Rheumatoid arthritis drug reduces kidney cyst growth in mouse tests.

Thomas Weimbs, UC Santa Barbara

Scientists at UC Santa Barbara have discovered that patients with an inherited kidney disease may be helped by a drug that is currently available for other uses. The findings are published in this week’s issue of the Proceedings of the National Academy of Sciences.

Over 600,000 people in the U.S., and 12 million worldwide, are affected by the inherited kidney disease known as autosomal-dominant polycystic kidney disease (ADPKD). The disease is characterized by the proliferation of thousands of cysts that eventually debilitate the kidneys, causing kidney failure in half of all patients by the time they reach age 50. ADPKD is one of the leading causes of renal failure in the U.S.

“Currently, no treatment exists to prevent or slow cyst formation, and most ADPKD patients require kidney transplants or lifelong dialysis for survival,” said Thomas Weimbs, director of the laboratory at UC Santa Barbara where the discovery was made. Weimbs is an associate professor in the Department of Molecular, Cellular and Developmental Biology, and in the Neuroscience Research Institute at UC Santa Barbara.

Recent work in the Weimbs laboratory has revealed a key difference between kidney cysts and normal kidney tissue. They found that the STAT6 signaling pathway — previously thought to be mainly important in immune cells — is activated in kidney cysts, while it is dormant in normal kidneys. Cystic kidney cells are locked in a state of continuous activation of this pathway, which leads to the excessive proliferation and cyst growth in ADPKD.
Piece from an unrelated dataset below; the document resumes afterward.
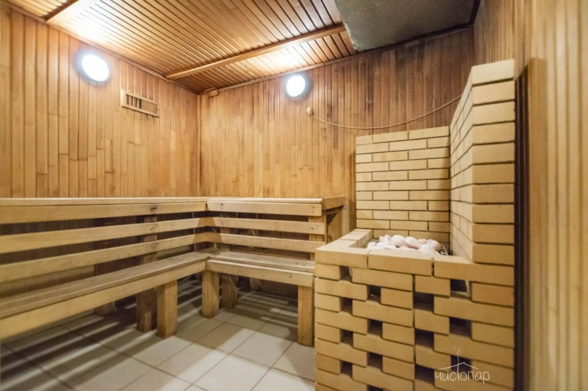 Если же вы любитель сухого пара, мы можем предоставить вам сауну, в которой благодаря горячему и сухому воздуху происходит потоотделение, выводятся из организма шлаки и токсины. В результате организм очищается и расслабляется, а вы чувствуете себя на несколько лет моложе.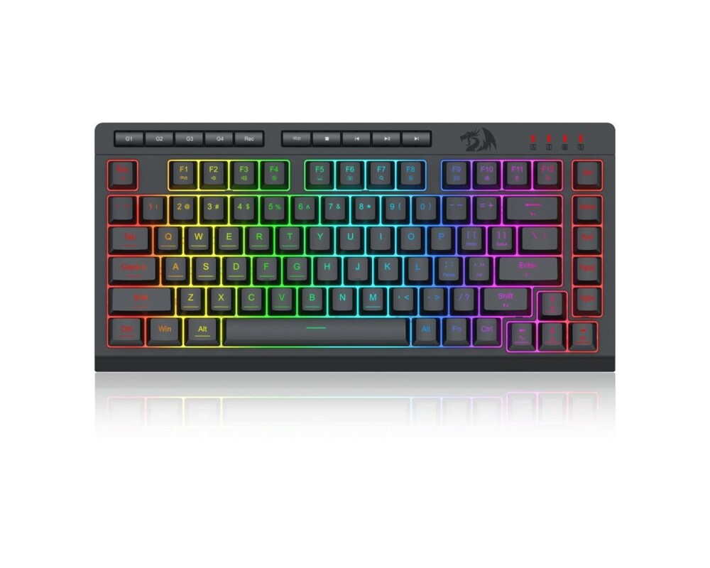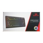 Redragon Crescent геймърска клавиатура, черна, с RGB подсветка, 82 клавиша, 26 conflict-free клавиша (26-key rollover), RGB LED подсветка на клавишите, 5 мултимедийни клавиша, 4 MACRO клавиша, възможност за деактивиране на WIN клавиш при игра, софтуер за конфигурация на клавиатурата, USB конектор, размери: 326 × 156 × 38 мм, тегло: 0.48 кг

The drug Leflunomide, which is clinically approved for use in rheumatoid arthritis, previously has been shown to inhibit the STAT6 pathway in cells. Weimbs and his team found that Leflunomide is also highly effective in reducing kidney cyst growth in a mouse model of ADPKD.

“These results suggest that the STAT6 pathway is a promising drug target for possible future therapy of ADPKD,” said Weimbs. “This possibility is particularly exciting because drugs that inhibit the STAT6 pathway already exist, or are in active development.”